━━━ Task material
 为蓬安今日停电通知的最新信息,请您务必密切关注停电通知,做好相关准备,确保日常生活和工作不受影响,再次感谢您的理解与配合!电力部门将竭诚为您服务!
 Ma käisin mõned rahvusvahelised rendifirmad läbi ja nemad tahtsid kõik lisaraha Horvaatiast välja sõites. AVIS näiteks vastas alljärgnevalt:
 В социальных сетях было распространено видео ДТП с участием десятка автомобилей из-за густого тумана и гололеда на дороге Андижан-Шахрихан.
━━━━━━
━━━ Task material
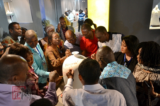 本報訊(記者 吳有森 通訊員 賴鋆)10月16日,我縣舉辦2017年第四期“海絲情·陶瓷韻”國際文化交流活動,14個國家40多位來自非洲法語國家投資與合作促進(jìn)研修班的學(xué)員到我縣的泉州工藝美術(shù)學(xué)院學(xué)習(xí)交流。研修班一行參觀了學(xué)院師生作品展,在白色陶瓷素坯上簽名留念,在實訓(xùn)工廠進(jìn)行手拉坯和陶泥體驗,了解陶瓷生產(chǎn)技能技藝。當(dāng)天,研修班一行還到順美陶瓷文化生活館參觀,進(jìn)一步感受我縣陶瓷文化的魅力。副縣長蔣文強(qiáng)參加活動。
━━━━━━
[Work request]: Among the records above, a stretch begins at the line containing "为蓬安今日停电通知的最新信息" and ends at the line containing "В социальных сетях". Restate that stretch word for word, and nothing else.

[Output for this task]:
 为蓬安今日停电通知的最新信息,请您务必密切关注停电通知,做好相关准备,确保日常生活和工作不受影响,再次感谢您的理解与配合!电力部门将竭诚为您服务!
 Ma käisin mõned rahvusvahelised rendifirmad läbi ja nemad tahtsid kõik lisaraha Horvaatiast välja sõites. AVIS näiteks vastas alljärgnevalt:
 В социальных сетях было распространено видео ДТП с участием десятка автомобилей из-за густого тумана и гололеда на дороге Андижан-Шахрихан.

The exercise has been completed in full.